How many numbers between 1 and 100 are divisible by 2 or 3 or 5 or 7?
The solution I had gives a different answer from what was provided, so I was wandering if anyone could tell me what mistake I made?

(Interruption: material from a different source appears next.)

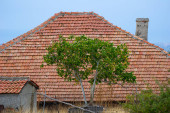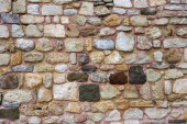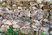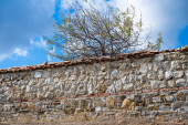 Zdjęcie "kamienna ściana wykonana z nierównych, jasnych klocków, zwieńczona grubą, pokrytą mchem betonową płytą, umieszczona przed ogrodzeniem drucianym i gołymi zimowymi gałęziami." może być wykorzystywane do celów osobistych i komercyjnych zgodnie z warunkami zakupionej licencji Royalty-free. Obraz jest dostępny do pobrania w jakości wysokiej rozdzielczości do 5760x3840.

Let A be the set of those divisible by 2, B the set of those divisible by 3, C the set of those divisible by 5 and D the set of those divisible by 7.
Singles:
$|A| = 50$, $|B| = 33$, $|C| = 20$, $|D| = 14$
Doubles:
$|A \cap B|=16$, $|A \cap C|=10$,
$|A \cap D|=7$, $|B \cap C|=6$,
$|B \cap D|=4$, $|C \cap D|=2$
Triples:
$|A \cap B \cap C|=3$, $|A \cap B \cap D|=2$
$|A \cap C \cap D|=1$, $|B \cap C \cap D|=0$
Quadruples:
$|A \cap B \cap C \cap D|=0$
Inclusion Exclusion:
$|A \cup B \cup C \cup D| = $ Sum of Singles $-$ Sum of Doubles $+$ Sum of Triples $-$ Sum of Quadruples
$ |A\cup B\cup C\cup D|=|A|+|B|+|C|+|D|\\ -(|A\cap B|+|A\cap C|+|A\cap D|+|B\cap C|+|B\cap D|+|C\cap D|)\\ +(|A\cap B\cap C|+|A\cap B\cap D|+|A\cap C\cap D|+|B\cap C\cap D|)\\ -|A\cap B\cap C\cap D|\\ $
$|A \cup B \cup C \cup D| = 50 + 33 + 20 + 14 - 16 - 10 - 7- 6 - 4 - 2 + 3 + 2 + 1$
$|A \cup B \cup C \cup D| = 114 - 45 + 6$
$|A \cup B \cup C \cup D| = 75$
The answer given to us was 78, but I can't tell whether it's a mistake or if I've made a mistake somewhere here.
$$50+33+20+14=11\color{red}{7}.$$